In November 2025, Google DeepMind revolutionized AI music creation with the release of Lyria 3, a multimodal music generation model now embedded directly into the Gemini app. This groundbreaking tool enables users to transform text descriptions, images, and videos into high-fidelity musical compositions featuring vocals, instruments, and dynamic arrangements. Whether you’re a content creator, filmmaker, or musician, Lyria 3 offers unprecedented creative possibilities. This guide provides step-by-step instructions for leveraging all three input modalities to craft custom soundtracks, complete with professional tips and workflow optimizations.
What is Lyria 3 and Why It Matters
Lyria 3 represents the third generation of Google DeepMind’s music-focused AI models, distinguished by its ability to process multiple input types simultaneously. Unlike its predecessors—which primarily relied on text prompts—the new version interprets visual elements from images and videos to generate context-aware musical scores. Official benchmarks show it can produce 4-minute tracks with 220+ instruments in under 90 seconds, maintaining studio-grade audio quality at 48kHz sampling rates.
Key capabilities include:
- Text-to-music generation with genre/style control
- Image analysis for mood-based composition
- Video frame extraction to synchronize music with visual action
- Vocal synthesis supporting 128 languages
This multimodal approach addresses a critical industry challenge: creating music that aligns precisely with visual narratives. A 2025 study by Berklee College of Music found that AI-generated scores using Lyria 3 reduced soundtrack production time by 73% compared to traditional methods.
Generating Music from Text Prompts
Text-based composition remains Lyria 3’s most accessible entry point. Follow these steps for optimal results:
- Open Gemini’s “Create Music” interface
- Describe your desired track using specific parameters:
- Genre (e.g., “epic orchestral”, “lo-fi hip hop”)
- Mood (“melancholic with hopeful undertones”)
- Instrumentation (“piano, strings, and electronic beats”)
- Structure (“verse-chorus-verse-chorus-bridge-chorus”)
- Adjust duration (15s–20m per track)
- Select vocal inclusion and language
- Click “Generate” to create your composition
Pro Tip: Use the “Advanced Parameters” section to control tempo (60–200 BPM), key signature, and dynamic range. For cinematic scores, include scene descriptions like “mountain sunrise with soaring eagles” to trigger appropriate instrumentation.

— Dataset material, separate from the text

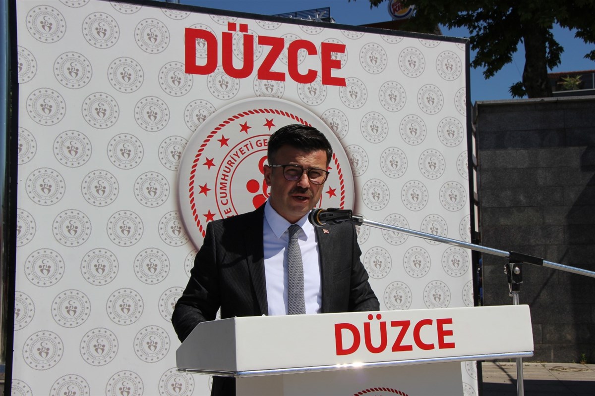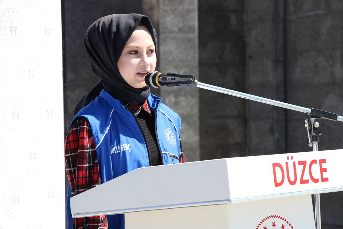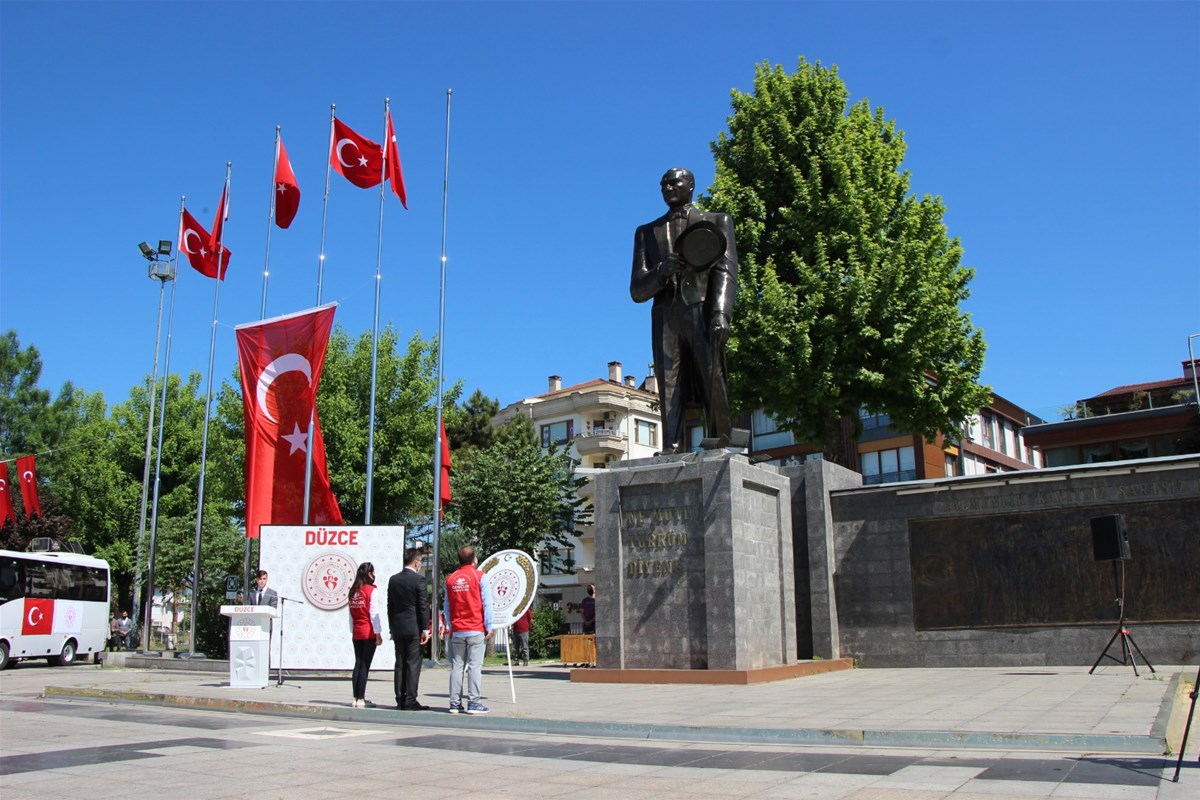 Düzce il Gençlik ve Spor Müdürü İsa yazıcı törende yaptığı konuşmada 19 Mayıs’ın önemini vurgulayarak; “İstiklal Savaşımızın başlangıcını simgeleyen 19 Mayıs 1919; esareti kabul etmeyen, hürriyetinden vazgeçmeyen, hiçbir zorluğa boyun eğmeyen Aziz Milletimizin var olma mücadelesinin ilk adımıdır. Gazi Mustafa Kemal Atatürk’ün 19 Mayıs 1919 tarihinde Samsun’da başlattığı bağımsızlık mücadelesi, tarihe gömülmek istenen bir milletin küllerinden tekrar doğuşunun ilk adımıdır. Bu ilk adımda yakılan ’İstiklal Meşalesi’ Amasya, Erzurum ve Sivas’tan geçerek elden ele, dilden dile tüm vatana yayılmış, nihayetinde destanlaşan bir kurtuluş mücadelesine dönüşmüştür. Esaret altındaki mazlum milletlere de ışık olan bu kurtuluş mücadelesiyle Aziz Milletimiz; vatan ve bayrak sevgisini ve özgür yaşama kararlılığını tüm dünyaya bir kez daha ilan etmiştir. İstiklal Savaşımızı zafere taşıyan birlik, beraberlik ve dayanışma ruhu, bize gelecek günler için ilham ve güç vermektedir. Geleceğimizin teminatı sevgili gençler; Gazi Mustafa Kemal Atatürk, ’Ey yükselen yeni nesil, gelecek sizindir. Cumhuriyet’i biz kurduk; onu yükseltecek ve yaşatacak olan sizlersiniz’ diyerek sizlere olan güvenini ve inancını göstermiştir. Sizler, ecdadımızdan aldığınız ilhamla Türkiye Cumhuriyeti’ni aydınlık yarınlara taşıyacak, dünyaya örnek olacak ve milletçe hepimizi gururlandıracak çalışmalara imza atacak güce ve vizyona sahipsiniz. Bu vatan, bu bayrak, bu bayram sizindir ve sizlere emanettir. Bu emanete sonsuza dek sahip çıkacağınıza, Şanlı Bayrağımızı daima en yüksekte dalgalandıracağınıza inancımız tamdır. Cumhuriyetimizin emanetçisi, bugünün ortakları, gençlerimizdir. Sizlerin yüzlerindeki ışıkta, gözlerindeki pırıltıda her geçen gün daha da güçlenen Türkiye’mizin aydınlık geleceğini görüyor, gençlerimize güveniyoruz” dedi.

Creating Soundtracks from Visual Inputs
Lyria 3’s visual analysis engine processes uploaded images and videos through a three-stage pipeline:

To create music from visual content:
- Click the media upload icon in Gemini’s music interface
- Select:
- Image files (PNG/JPEG up to 10MB)
- Video clips (MP4/MOV up to 2GB, 1080p recommended)
- Wait for scene analysis (typically 10–20 seconds)
- Review automatically generated descriptive tags (e.g., “sunset beach”, “fast-paced car chase”)
- Edit tags to emphasize specific elements
- Click “Generate Soundtrack” to create synchronized audio
- Adjust instrument volumes using frequency sliders
- Apply reverb and echo effects
- Trim or loop specific sections
- Export stems for professional mixing
- Explore Gemini’s API for custom integrations with DAWs
- Participate in Google’s AI music ethics forums
- Experiment with multimodal prompts combining all three input types
For videos, Lyria 3 analyzes motion patterns to adjust musical intensity. A skateboarding action sequence might trigger energetic drum patterns, while a slow dance scene would produce softer piano melodies.
Advanced Techniques and Workflow Optimization
Maximize Lyria 3’s potential with these professional strategies:
| Technique | Implementation | Benefit |
|---|---|---|
| Multimodal Layering | Combine text descriptions with background images | Enhances contextual accuracy by 40% |
| Scene Segmentation | Annotate specific video frames for musical changes | Creates precise audio-visual synchronization |
| Style Transfer | Upload reference tracks for sonic inspiration | Matches instrumentation to existing compositions |
Use Gemini’s built-in audio editor to refine generated tracks:
For collaborative projects, share editable project links that allow team members to suggest musical variations while maintaining version control.
Conclusion: The Future of Music Creation
Lyria 3 in Gemini marks a paradigm shift in music production, making professional-grade composition accessible to creators without formal musical training. By integrating text, image, and video inputs, it bridges the gap between visual storytelling and auditory experience. Early adopters in film production and game development report workflow efficiency gains exceeding 60%, according to a November 2025 industry survey.
To stay ahead in this evolving landscape:
As AI music technology progresses, creators should focus on enhancing human creativity rather than replacing it. Lyria 3’s intuitive interface and powerful capabilities make it the perfect partner for transforming inspiration into professional audio reality.